但越往深处走,两侧的山壁便越陡峭,灌木丛和杂树林越茂密。
前面的“溃兵”跑得飞快,像是急急忙忙逃命,可又没有跑散,而是沿着谷道底部一路向北窜。
方五骑在马上,越看越觉得蹊跷。
溃兵逃命,哪有不散的道理?这帮人跑是跑了,但跑的方向太过齐整了。
“公子——”
方五猛地勒住缰绳,声音陡然拔高。
“不对!这帮人是在引咱们深入!两边山上——”
话没说完。
两侧山坡上的灌木丛,猛然杀机骤起。
“杀——!”
三千蔡州老卒从两翼山坡上同时暴起,居高临下,如铁闸合拢。
……
谷道那边还在杀。
喊叫声、惨嚎声、金铁交击之声混成一片,隔着两里地依然清晰可闻。
刘龚靠在一棵树上,弯着腰,剧烈喘息。他的手脚在发抖,面色灰败得像是刚从棺材里爬出来。

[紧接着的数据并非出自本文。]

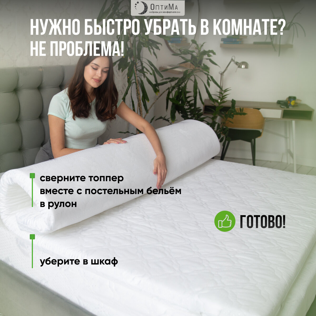 Топпер матрас 100х200 см, ОптиМа, Беспружинный, высота 9 см, Съемный чехол, Плед в подарок
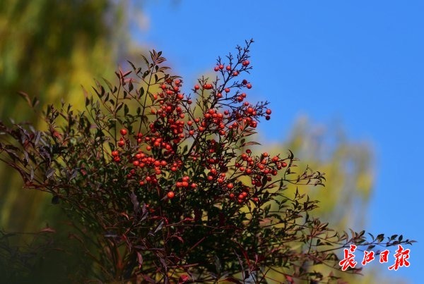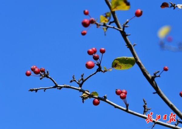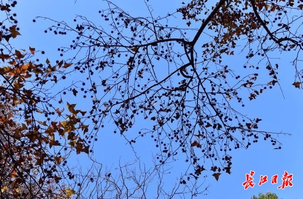 长江日报大武汉客户端12月19日讯 19日,武汉天气晴朗,寒云淡淡天空蔚蓝。不少市民走上绿道、公园晒太阳,赏风光。抬头仰望,蓝天澄澈,若恰有枝头的累累果实映入眼帘,红的、黄的、白的、紫的、黑的……一个个、一串串、一团团、一层层……构成一幅幅巧夺天工的如画景致。
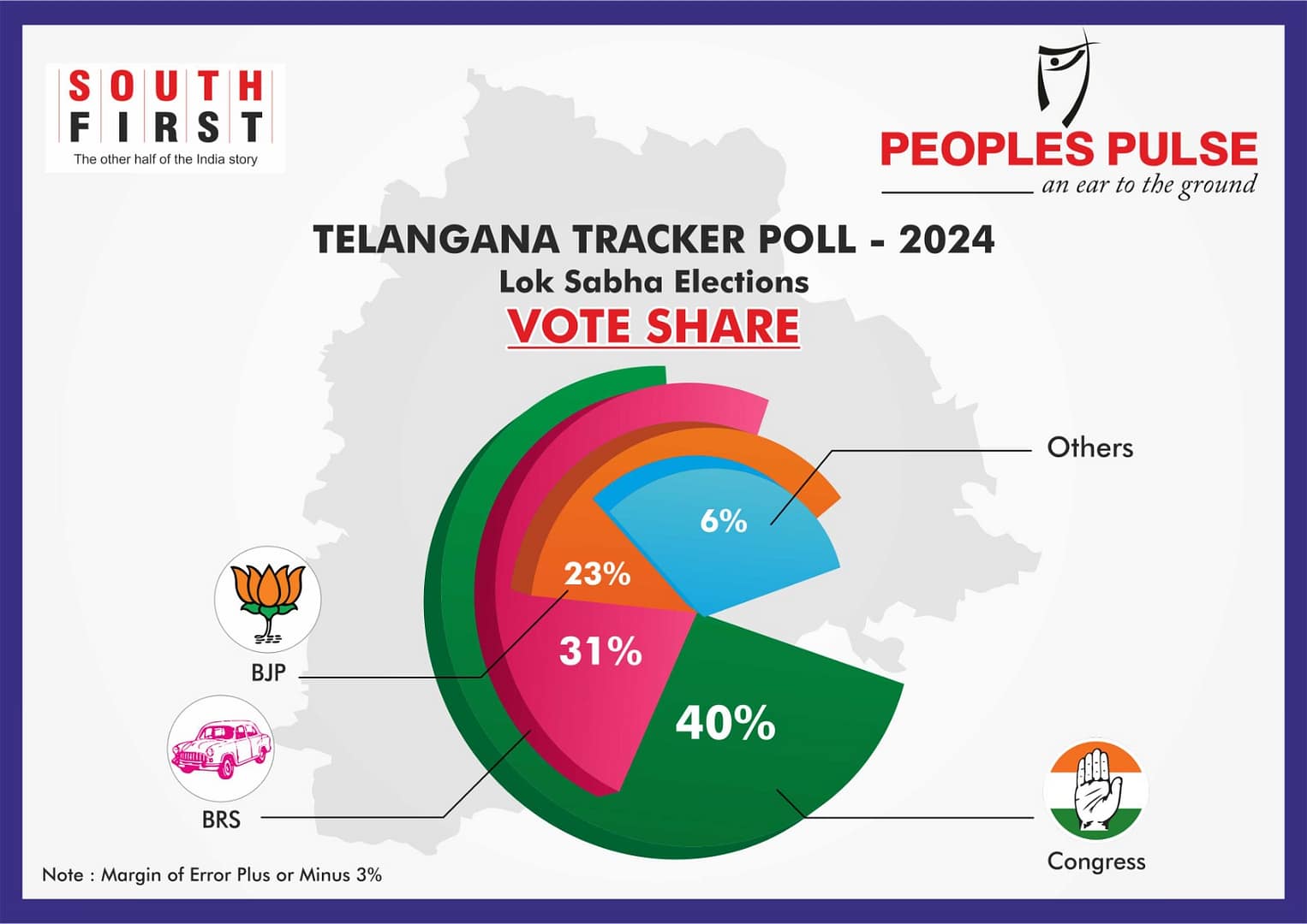 ఇక ఓట్ల శాతం పరంగా చూసుకుంటే..కాంగ్రెస్పార్టీకు 40 శాతం, బీఆర్ఎస్కు 31 శాతం, బిజెపి 23 శాతం, ఇతరులకు 6 శాతం ఓట్లు వచ్చే అవకాశం ఉన్నట్లు పీపుల్స్పల్స్ – సౌత్ఫస్ట్ సర్వే రిపోర్టు చెబుతోంది.

身上那件锦缎的罩衣在溪涧里泡透了,沾满了泥浆和不知道是谁的血。
方五清点了一下人数。身边只剩了十一名亲卫。
“公子,不能停。”
方五压低声音。他的声音也在抖,但努力保持着镇定。
“楚军不知道会不会追出来,得赶紧往南。顺这条路走三十里,有一处河湾,地势开阔,可以收拢散兵。”
刘龚张了张嘴,想说什么,但发不出声来。
方才逃命的时候咬破了舌头,嘴里满是血腥味。
他只是木然地点了点头,松开扶着树干的手,深一脚浅一脚地跟着往南走。
他们走了大约五里路的时候,陆陆续续有溃兵从林子里钻出来。
有些人还带着兵器,更多的人两手空空,甲胄也丢了,只剩一身满是汗渍和血污的里衣,活像逃荒的流民。

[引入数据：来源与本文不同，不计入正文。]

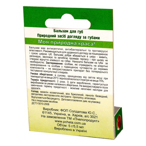 Спосіб застосування: наносити бальзам для губи в міру необхідності.
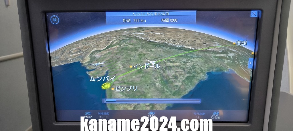 インド・ムンバイのチャットラパティ・シヴァージー・マハーラージ国際空港(BOM)を出発し、成田空港(NRT)へ向かう約8時間半のフライト。
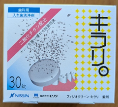 安全性の高い二酸化チタンを配合し、その触媒効果でヤニや茶渋などの着色汚れやカンジダ菌を洗浄・除菌します。義歯を痛めない中性タイプとなっているため、金属床義歯やチタン・パラジウム合金・リテーナーにも安心してお使いいただけます。
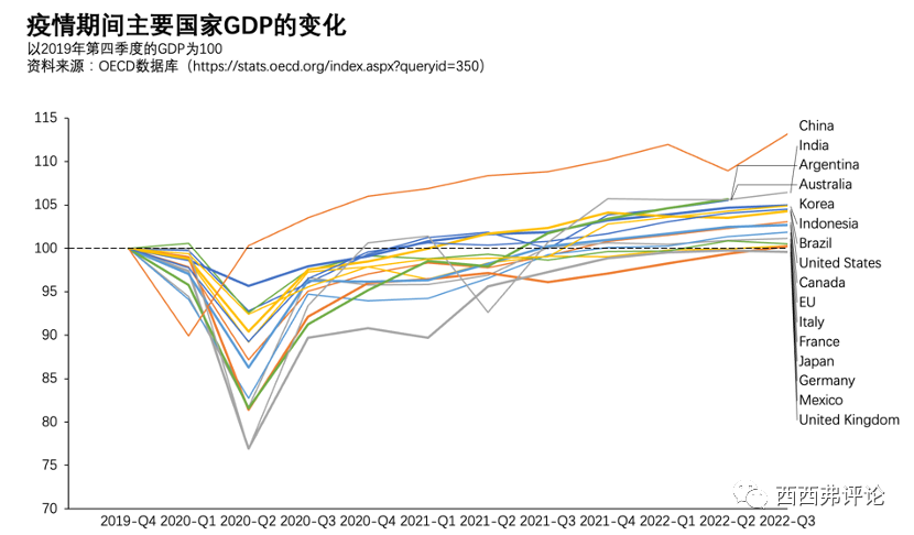 3 从经济角度,由于疫情大幅度扰乱了各个国家的经济增长节奏,GDP增长率上蹿下跳。看短线的GDP增长率毫无意义。去年跌了20%,今年涨了25%,经济只不过回到原点而已。但如果单看今年数据,那真是出现了经济奇迹。所以,看各国经济,得以疫情前的数据作为基准。最近OECD数据库更新了主要国家今年三季度的GDP增长数据,印度的三季度数字也出来了。我根据这个,更新了一下最新的各国GDP,以2019年第四季度的GDP为100。

方五没有停下来等他们,只是回头吼了一嗓子:“跟上!往南走!到河湾会合!”
溃兵们如逢救星般跟了上来,队伍越来越长。
逃出三十里后,终于到了那处河湾。
方五把刘龚安置在河湾后面的一处高地上,派人四下收拢残兵。
零零散散地收拢了一个多时辰后,高地上聚集了一拨残部。方五逐一清点,一共两千七百。
两万大军,只剩了两千七百。
刘龚呆坐在高地上的一块石头上,两只手攥着膝盖。
方才那一路上,他一句话没说过。
就这么大败亏输。
兄长交到他手里的两万条人命,折损殆尽。
他甚至不清楚自己是怎么败的。
明明对面只有三千蔡州兵和一众乡勇,明明自己占了六七倍的兵力,明明……
“撤……撤回广州。”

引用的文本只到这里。